5. Cross Site Request Forgery (CSRF)
   is a method allowing the attacker to forge a web form on another web site which is then used to send unwanted request on behalf of the attack victim – a legitimate web site user. It is commonly possible to mount this attack by composing an appropriate HTTP request without actually creating any HTML form.
6. Information Leakage and Improper Error Handling.
   In case of application error a proper configuration of displaying debug information is necessary. This class of vulnerabilities allows the attacker to get certain system information after causing the application to report an error. An example of this vulnerability would be exposing the full script path by entering an invalid value into an input field.
7. Broken Authentication and Session Management.
   Login and further session management is important part of overall application security. Failure to enforce authentication or allowing attacker to steal legitimate user’s session may allow for unauthorized data access. It is important to pass login credentials securely and ensure safe storage of session identifiers.
8. Insecure Cryptographic Storage.
   A broad class of vulnerabilities allowing the attacker to compromise private key of one or both communication parties.
9. Insecure Communications.
   Giving an attacker opportunity to capture communication of other parties is a dangerous vulnerability in many applications employing no or weak encryption.
10. Failure to Restrict URL Access.
    In case the application allows for anonymous access to pages that should be available only for authenticated users there is a wide range of vulnerabilities can emerge by exposing possibly confidential data or system information.

OSSTMM

The Open Source Testing Methodology Manual as published by ISECOM forms a very good basis of any penetration testing project ranging from single-system applications to large-scale infrastructure vulnerabilities scanning and analysis.
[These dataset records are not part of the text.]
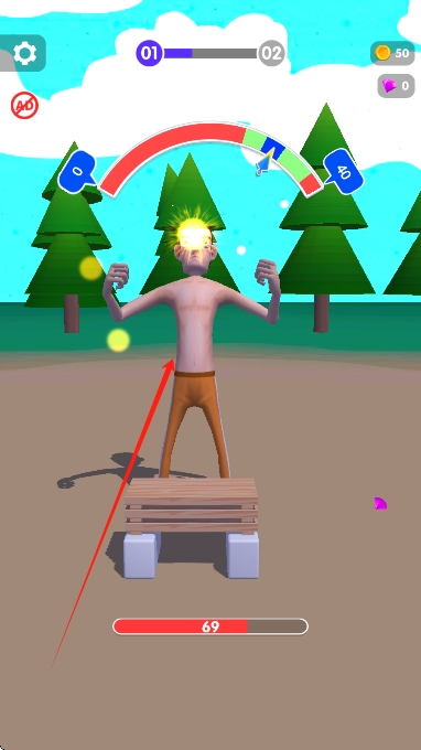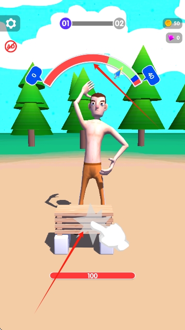 1、在新手關(guān)卡用虛擬手臂劈砍木板,熟悉點(diǎn)擊屏幕觸發(fā)劈砍的基礎(chǔ)操作。
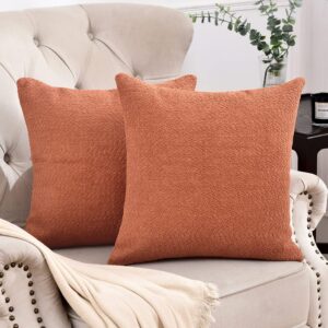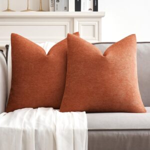 – A textured orange pillow adds warmth and complements the earthy color palette.
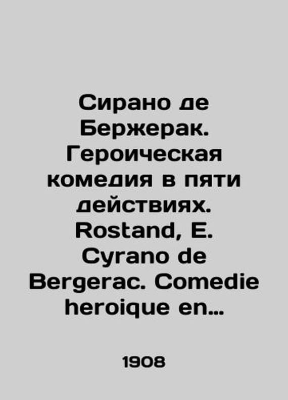 Cyrano de Bergerac. A heroic comedy in five acts. Rostand, E. Cyrano de Bergerac. Comedie heroique en cinq actes./Sirano de Berzherak. Geroicheskaya komediya v pyati deystviyakh. Rostand, E. Cyrano de Bergerac. Comedie heroique en cinq actes. Heroic comedy in five acts. Rostand, E. Cyrano de Bergerac. Comedie heroique en cinq actes. Paris: Charpentier & Fasquelle, 1908.We have thousands of titles and often several copies of each title may be available. Please feel free to contact us for a detailed description of the copies available. SKUbd-432637fed9d23af2.

Although this methodology is one of the more detailed being used (the standard is more than 200 pages long), it is well-suited to almost all scenarios and we are well-versed in its practical application to real-world scenarios.

Without a methodology like this, it would be virtually impossible to cover all known aspects of systems security in general which is the key as it allows us to be always a step ahead of the attackers!

Approaches to Testing

Sometimes it is useful to simulate an attacker without any inside knowledge of the system in question - a method usually called black box testing. Sometimes it is necessary - usually for operational reasons - to provide the auditors with detailed information about the system and coordinate the vulnerability scanning and assessment based on the revealed information in process known as white box testing.

And there are cases where a mixed approach with some but limited amount of internal information is available to the security auditors but the methods used typically simulate an outside attacker. Such combination is often regarded a grey box testing.

Our experience taught us that in order to provide the best results an individual choice of approach is always needed.

Deliverables

As a result of any penetration testing audit, there are always two reports delivered.

Firstly a detailed technical report describing the actual vulnerabilities found, their severity, impact and suggestions on how to mitigate them by technical counter-measures. It is always important to review all the findings as sometimes an impact of low-severity problem may be much greater due to the nature of the information assets in question and vice-versa.

Secondly a executive report for organization management is produced with the assessment of the actual impacts of all the findings. Typically the interpretation of the technical results is as important as the immediate systems' vulnerabilities found.

When it comes to acting upon the findings, we are always trying our best to explain the results both to the executive management and to the development and operations teams. There are no silly questions for us - we always answer them all!